◆俳人・堀本裕樹先生からのアドバイス

 夏合宿の一場面をうまく切り取っていると思います。発想はいいですね! ただこの一句だけでは、益子さんの気持ちが読み手に伝わりません。こんな句はいかがでしょうか。

【常念の草の露飲む登山かな】

 原句は字余りだったのでリズムを整え、夏の季語「登山」を使いました。
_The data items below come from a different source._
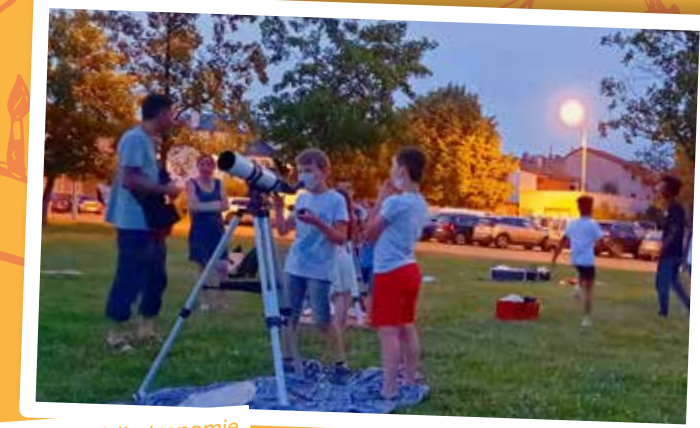
Initiation à l'astronomie

➔ 04 73 87 40 10 • service-enfance-jeunesse@chateaugay.fr
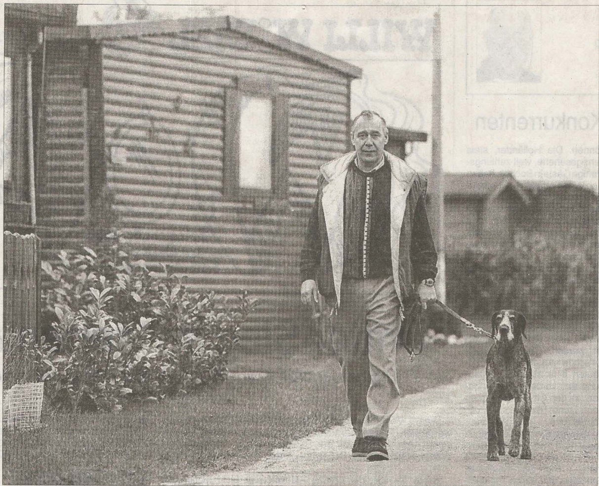
Regelmäßige Kontrollgänge mit dem Hund sollen die ungeliebten Besucher von ihren Vorhaben abhalten.
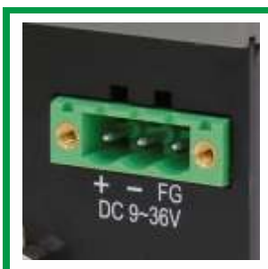
9 ~ 36V DC Spannungseingang 9 ~ 36V DC voltage input
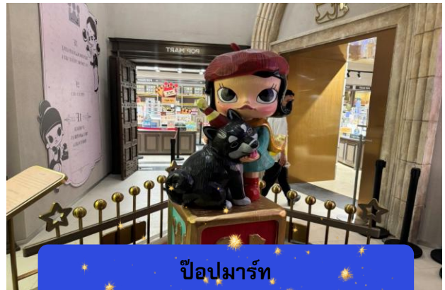
ป๊อปมาร์ท

รับจัดกรุ๊ปเหมา ท่องเที่ยว สัมมนา ดูนาน ต่างประเทศทั่วโลก
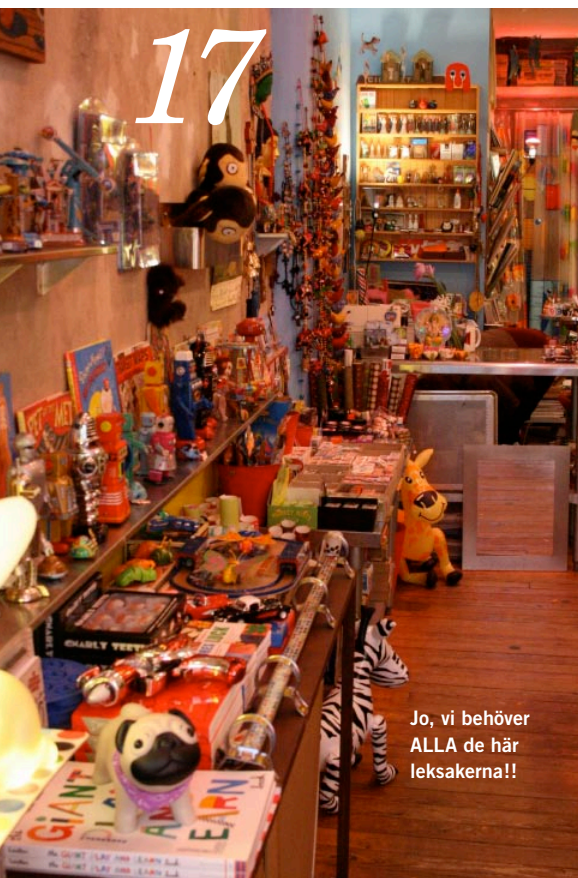
Jo, vi behöver ALLA de här leksakerna!!
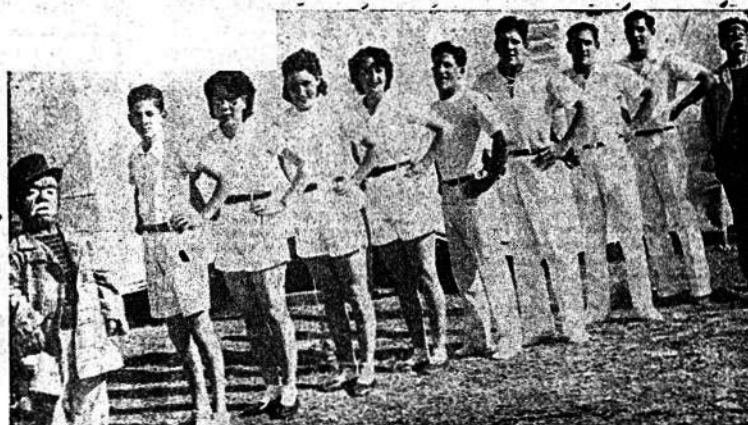
Conjunto de Artistas del Circo Pensado que el próximo viernes debutará en nuestra ciudad
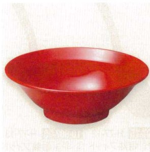
10-806-15 J-8-99 M (W-179R) 8寸麺丼 赤 ¥1,150 (21.7φ×7.3) 梱60
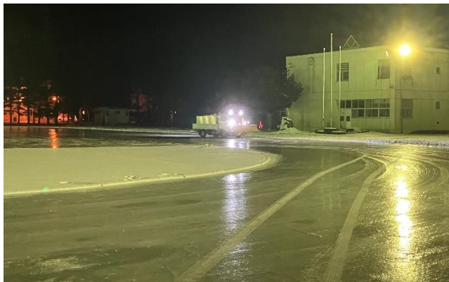
【リンク造成・散水作業の様子】

また、低学年では、ひも結びのお手伝いにご家族の方々にお手伝いいただいています。併せてお礼申し上げます。30日・31日には、スケート記録会も予定されていますので、是非、応援にいらして下さい。
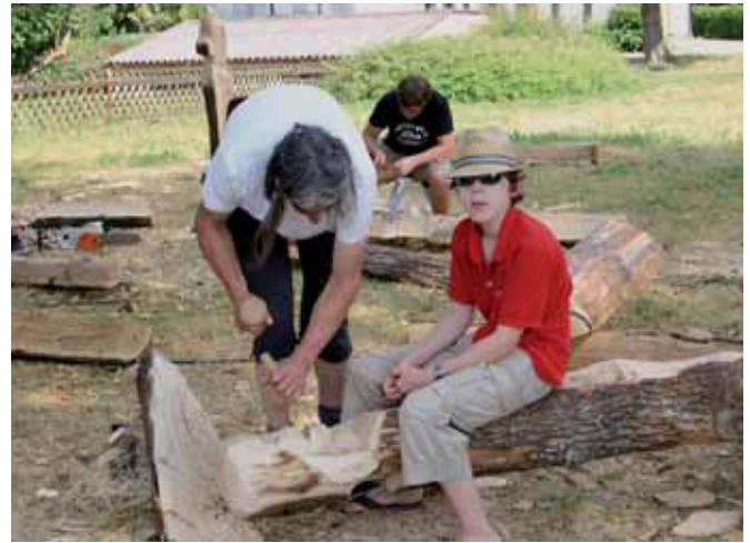
Künstler und Kunst im Freien
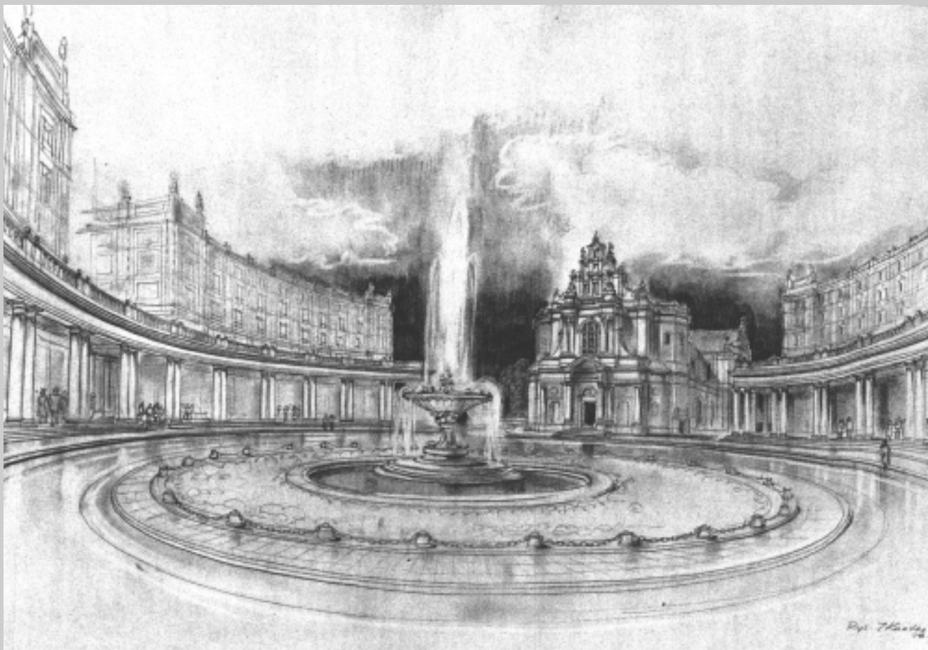
3. Wizja pl. Zbawiciela (1950 r.). Fontanna i kolumnada dookoła placu robi wrażenie, ale po dokładnym przyjrzeniu się rysunkowi można zauważyć niepraktyczność tej wizji – ul. Marszałkowska ma tylko jedno pasmo, nieobecny jest także ruch tramwajowy. Zwraca też uwagę brak wież kościoła Najświętszego Zbawiciela.

dawnej, nie może być poprawionym jedynie powtórzeniem przedwojennego zbiorowego prywatnych interesów kapitalistycznego społeczeństwa” – przekonywał Bierut.
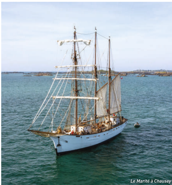
Le Marité à Chausey
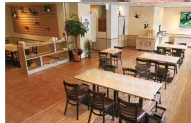
みなとキッチン(朝食会場)

「かな」と詠嘆することで、よりいっそう感情が凝縮されます。

【お互いに汗かいて飲む瓶ビール】──福田薫

 汗をかいた瓶ビールはおいしそうに見えるし、自分が昼間汗をかいた方が、よりビールもおいしく感じる。お互い汗をかいた方がおいしくなるというのが、夏っぽくていいなと思いました。

■俳人・堀本裕樹先生からのアドバイス

 夏の季語「ビール」のなかでも、瓶ビールに目を付けたところが、福田さん独自の視点でいいですね! ただ「お互いに汗かいて」では、作者と誰かのことかなと思ってしまいます。

【我も瓶も汗噴き出して瓶ビール】

 これで自分も瓶も汗をかいていると、はっきりわかります。「瓶」をリフレインさせることで、心地よいリズムも生まれます。